Mixture of Experts (MoE) models have emerged as a primary solution for
reducing the computational cost of Large Language Models. In this work, we
analyze their scaling properties, incorporating an expanded range of variables.
Specifically, we introduce a new hyperparameter, granularity, whose adjustment
enables precise control over the size of the experts. Building on this, we
establish scaling laws for fine-grained MoE, taking into account the number of
training tokens, model size, and granularity. Leveraging these laws, we derive
the optimal training configuration for a given computational budget.

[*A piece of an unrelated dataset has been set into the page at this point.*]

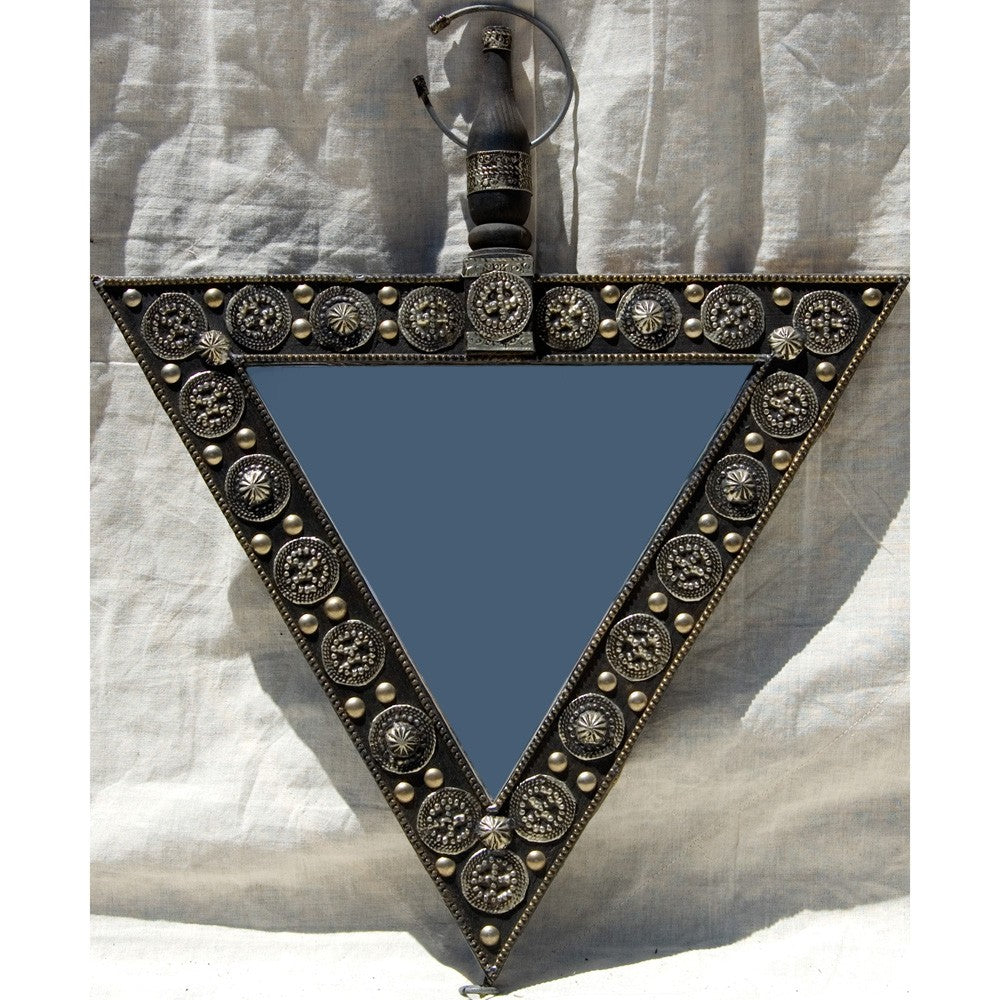 Espejo árabe triángulo hecho en alpaca. Muy bien acabado y muy bonito.

Our
findings not only show that MoE models consistently outperform dense
Transformers but also highlight that the efficiency gap between dense and MoE
models widens as we scale up the model size and training budget. Furthermore,
we demonstrate that the common practice of setting the size of experts in MoE
to mirror the feed-forward layer is not optimal at almost any computational
budget.

通过分析扩展的变量范围，我们建立了适用于细粒度混合专家模型的扩展规模定律，并利用这些规律为特定计算预算推导出最佳的训练配置，结果显示 Mixture of Experts 模型在规模和训练预算扩大时始终优于密集 Transformer 模型。此外，我们证明在几乎任何计算预算下，将专家的大小设置成与前馈层相似的常见做法并不是最优的。